Lecture Notes on High Availability Storage Solutions

Jul 10, 2024

Lecture on Storage Solutions for High Availability and Reliability

Whonnock 10: The Ultimate High Availability Server

Introduction

  • Fast and reliable storage is crucial for video production teams.
  • Main editing server, Whonnock, has served well but a single minute of downtime now costs over $50 in payroll.
  • Solution: Redundancy.
    • Drives are redundant, but they all sit in one single server.
    • New server: Whonnock 10 (high availability).

Hardware Components

  • Supermicro Grand Twin A+ Server AS-2115GT-HNTR
    • 2U, containing four independent computers.
    • Independent motherboard, 384GB memory, AMD EPYC Genoa processor (64 cores), dual M.2 slots for boot drives, six PCIe Gen 5 NVMe slots.
    • 200 gigabit ConnectX 6 NICs for network redundancy.
    • 2200-watt power supplies (80 plus titanium).
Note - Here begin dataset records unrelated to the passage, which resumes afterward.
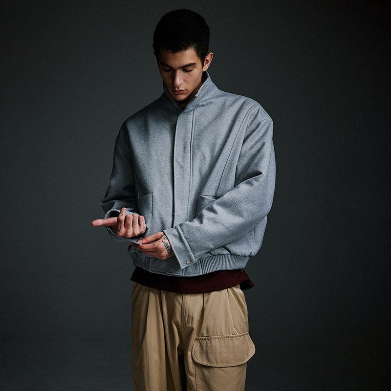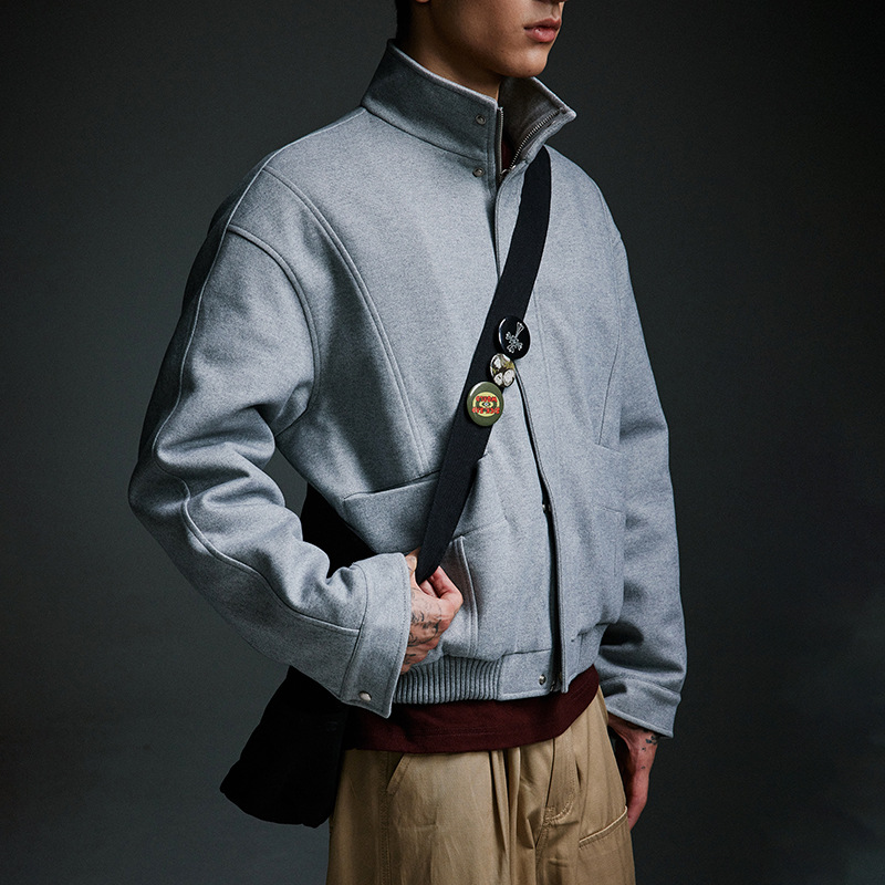 Retro Stand-up Collar Cotton-padded Men's Thick Woolen Coat
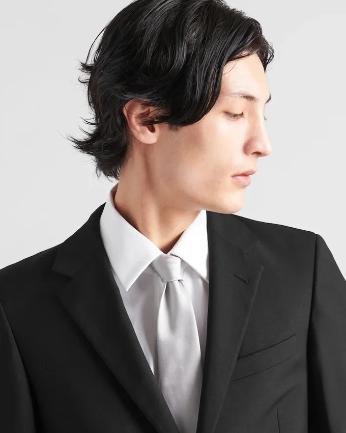 This Satin Tie Comes in an Elegant Monochrome Shade. The Accessory is Embellished by the Discreet Lettering Logo on the Front.
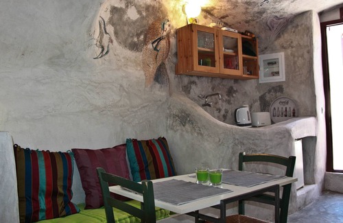Old style fully and recently renovated traditional cave, in a well- hidden peaceful canyon in Emporio village of Santorini. Experience living in a Cave, leading an agricultural life, hearing nature's sounds, being 10' min away from the beach!
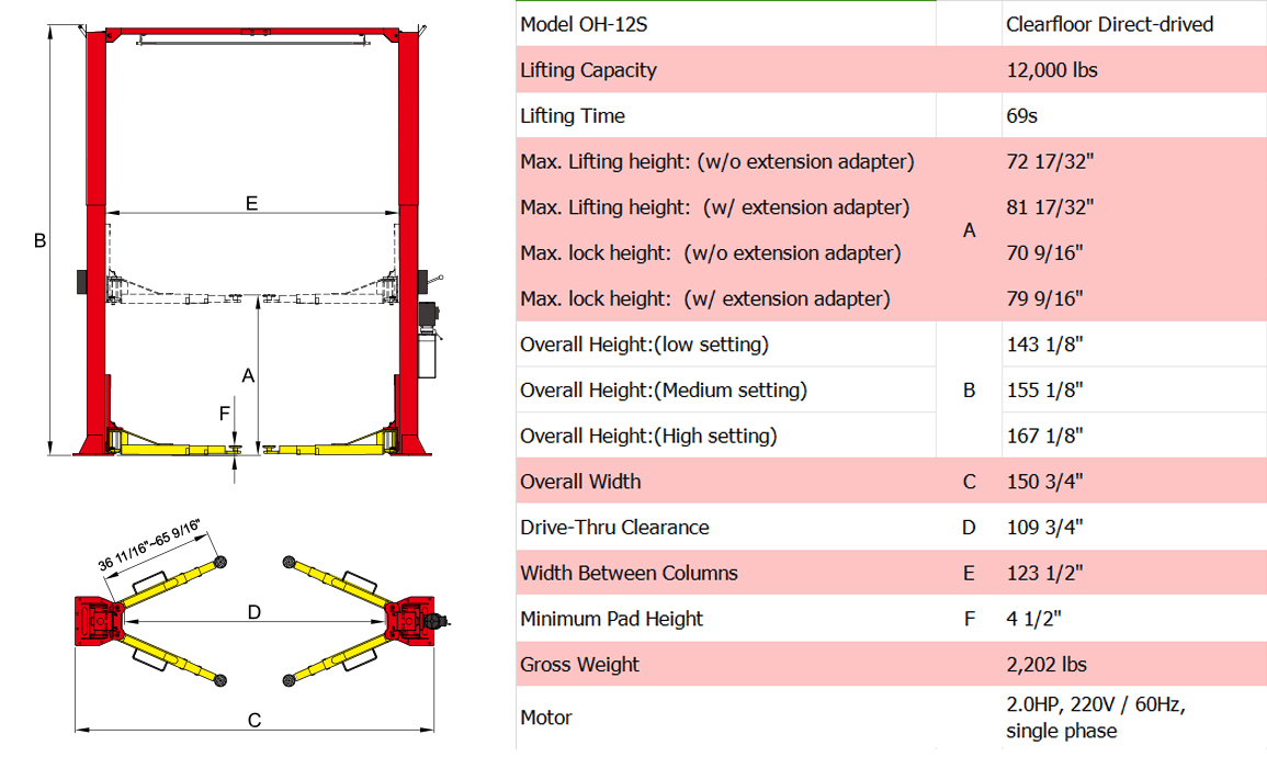 Our newest Heavy Duty two post lift: OH-12S is the ideal choice for shops and service centers with limited ceiling height.
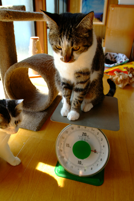 T「今月大和もささも、家に来て1年だよ。正確には21日だけど〜。そのときは、3キロ前後だったんだよねぇ。まあ、これが理想体重かねぇ〜(^^)」
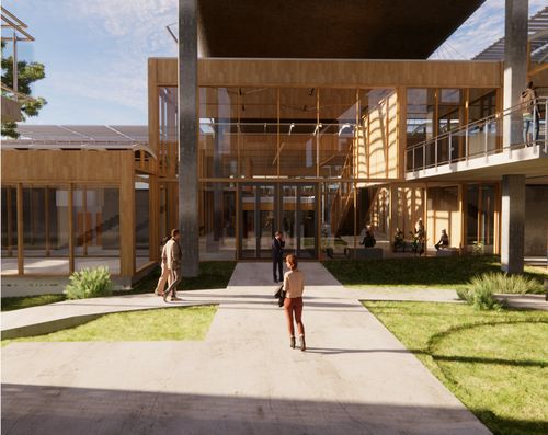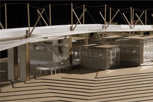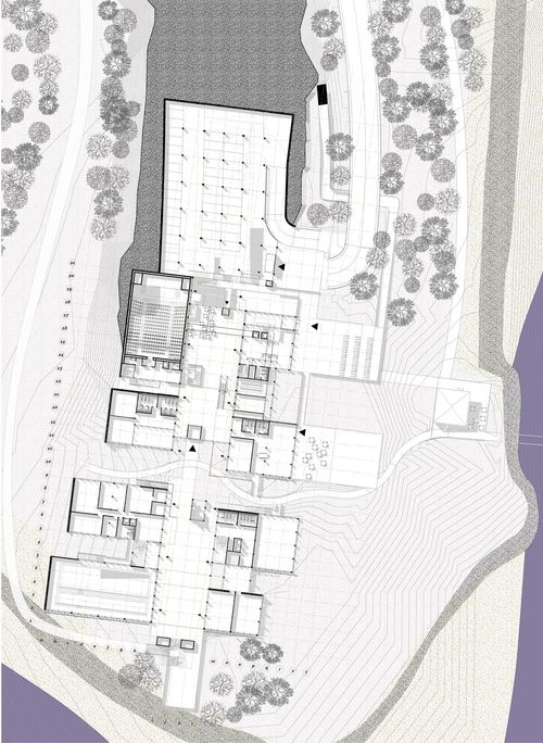 Le plan du projet est conçu autour d'une rue centrale, parallèle à la route départementale au-dessus, qui forme une colonne vertébrale. De chaque côté, des volumes s'organisent en peigne afin de chercher les vues et créer des axes transversaux. Un axe transversal majeur coupe l'axe longitudinal et créé une centralité, il sépare ainsi le pôle recherche du pôle, au sud, sensibilisation plus au nord.

High Availability Configuration

  • Redundant NVMe first file system (Weka).
    • Can sustain two entire server dropouts without interruption.
    • Moved entire team onto it for real-world test during workday.
  • Redundant switches for network connectivity.
    • Limitation: switch failure – ideally need two single port NICs.
    • Overall system designed to continue operation even if one NIC fails.

Software Configuration

  • Weka File System
    • System setup with compute, drive, and front-end cores for task management.
    • Dynamically assigns cores for different tasks (e.g., parity calculation, inter-cluster communication).
  • Potential to run additional services like Proxmox and high-availability Plex server.
  • Boot drives: Sabrent 512GB Gen 3 rocket drives (reliable enough for OS boot).
  • Storage drives: Kioxia CD6 Gen4 NVMe drives (future plan for 4x 15TB drives per node).

Deployment and Testing

  • Servers and network setup led to real-world testing to ensure seamless operation.
  • System handled unplugging of a server without impacting video editing work.
  • Analysis and AI integration for media asset management
    • Detects objects, faces, and scenes for searchability.

Key Points

  • Weka file system optimized for low latency and high throughput.
  • Nvidia SN3700 switch used for network connectivity.
  • Achieved 70GB/s read performance and 4 million read IOPS.
  • AI-driven media asset management from axel.ai provides powerful search capabilities.
  • Proxy generation to avoid huge latency when dealing with large original clips.

Summary

  • Whonnock 10 provides major improvements in high availability and redundancy for video editing workloads.
  • Redundant hardware and software setups minimize downtime.
  • Future potential for even more advanced configurations and AI-driven features for media management.

Conclusion

  • Overall significant upgrade from the single machine setup.
  • Provides a reliable, fast, and redundantly protected server environment for the video team.
  • Emphasis on real-world testing and practical benefits of high availability systems.